Valcin isn’t willing to speculate about why Coalition’s dropout rate is higher than other schools with similarly high-need populations, and is careful not to assign blame. “The numbers spoke for themselves,” she said. “Coalition hasn’t graduated 50 percent of its students in six years or more. A lot of the work probably wasn’t happening.”

Soon after arriving, she launched a “Saturday academy” to help students stay on track and prepare for the state’s exit exams, and began carefully watching students who had attendance or disciplinary problems early on. “If that pattern begins, you’re almost doomed,” Valcin said.

That’s why, before students start classes in the fall, school staff review their middle school records and conduct home visits, so they can talk about previous problems before they crop up again.

“From the beginning of the year, we have highlighted a cohort of kids that without significant additional support wouldn’t cross the finish line,” said Derek Anello, a program director at Partnership with Children, the school’s nonprofit community partner. “We’re starting with ninth-graders before they’re even in the building.”

PHOTO: Alex Zimmerman
Coalition School for Social Change

The school zooms in on students who don’t earn passing grades during the first few months of school, and offers extra academic help. (Valcin keeps a color-coded spreadsheet on her desk that tracks student progress toward graduation.)

If a student is showing up late — or not at all — they’ll likely get a knock on their door, sometimes from Valcin herself, or from a staff member at Partnership with Children.

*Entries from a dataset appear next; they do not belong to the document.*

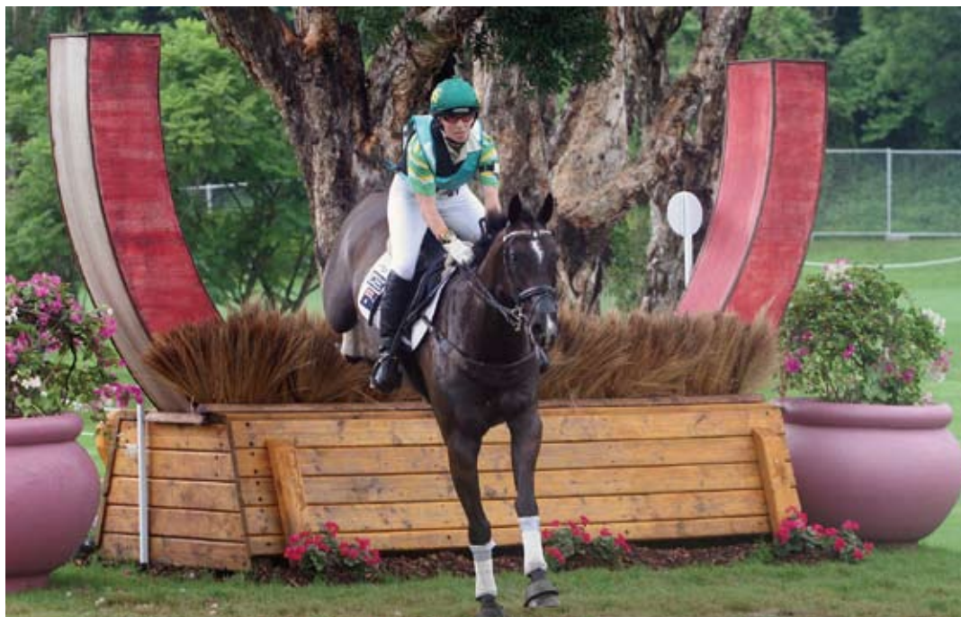
Olympic cross-country course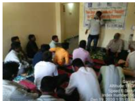
Two days Residential Training for CRP & Progressive Farmers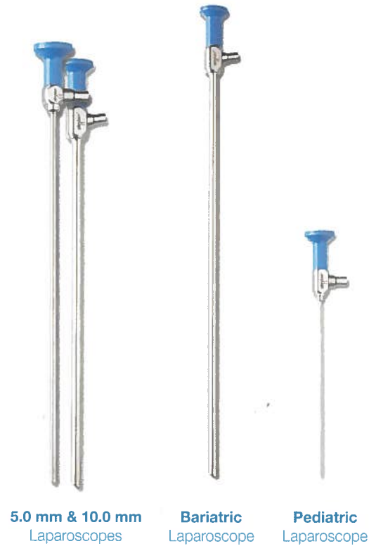
5.0 mm & 10.0 mm Laparoscopes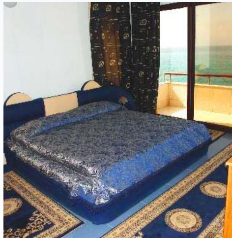
Room at New York Hotel in Vlora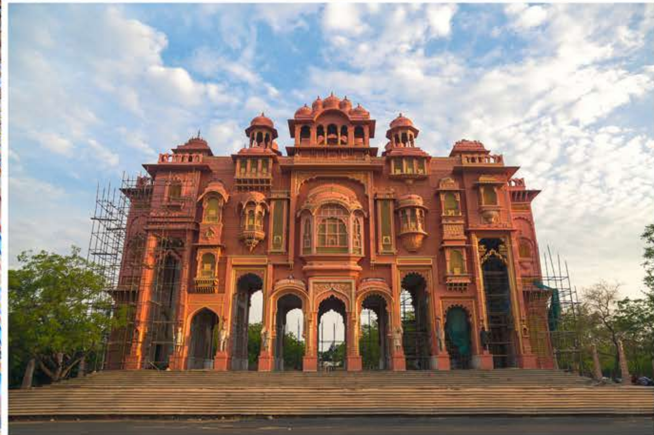
Jawahar Circle Gate | Jaipur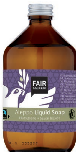
LIQUID SOAP ALMOND

The liquid soap for particularly sensitive skin. In addition to the fairly traded olive oil, valuable almond oil has been added. It is known to be particularly moisturizing and skin smoothing.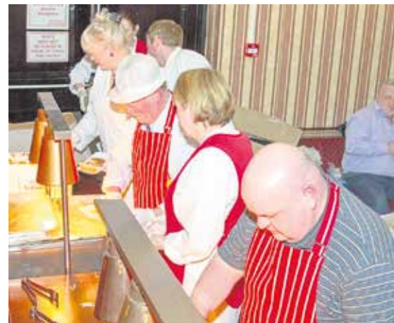
Walkers Caterers at work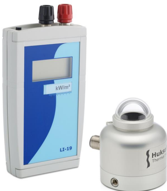
Figure 1 SR05-A1 pyranometer with LI19 handheld read-out unit / datalogger

SR05 is a solar radiation sensor that is applied in most common solar radiation observations. SR05-A1, with analogue millivolt output, complies with the spectrally flat Class C specifications of the ISO 9060 standard and the WMO Guide. LI19 is a high-accuracy handheld read-out unit / datalogger. The SR05-LI19 combination is well suited for mobile measurements and short term datalogging.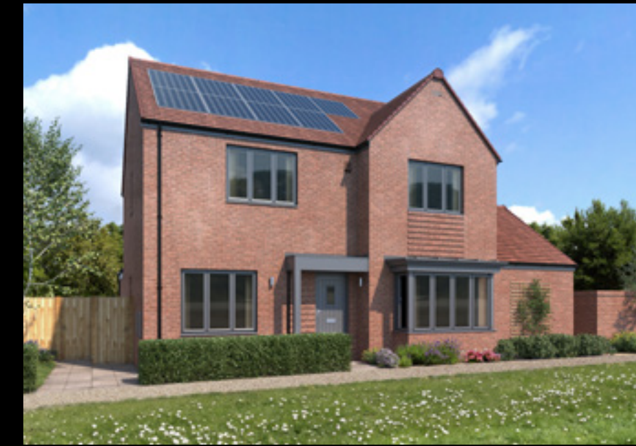
The Pecan 4 bedroom detached home

And if they’re routinely showing up late to class due to an extra-long commute, school officials might help the family find a school that’s closer to home.

City officials are expecting those efforts to produce significant results this year. Under the benchmarks assigned to the school through the Renewal program, its graduation rate should increase to 63 percent this school year, up from 46 percent. The education department considers graduation rates in decisions about whether to close or merge schools in the program.

Partnership with Children’s Anello is optimistic about meeting that goal partly because of Valcin’s embrace of his community organization. “Not every principal allows the [nonprofit partner] to be their right hand,” he added. “That’s not consistent across Renewal schools.”

But the school faces strong headwinds that make it hard to attract students who are more likely to graduate, including intense academic segregation. Among last year’s ninth-graders, for instance, fewer than five students had passed either their eighth-grade math or reading tests.

The school’s inclusion in the Renewal program, historically low graduation rate, and sagging enrollment have also signaled to prospective families that the school doesn’t have a strong track record.

In fact, Valcin has been reluctant to aggressively market the school. “I don’t want to go on the street and say, ‘Hey send your kids to this school’ given the condition we’re in currently.”

But she’s banking on this year’s graduation rate changing that calculation.

“The day after graduation, I’ll be on the corners passing out fliers,” she said.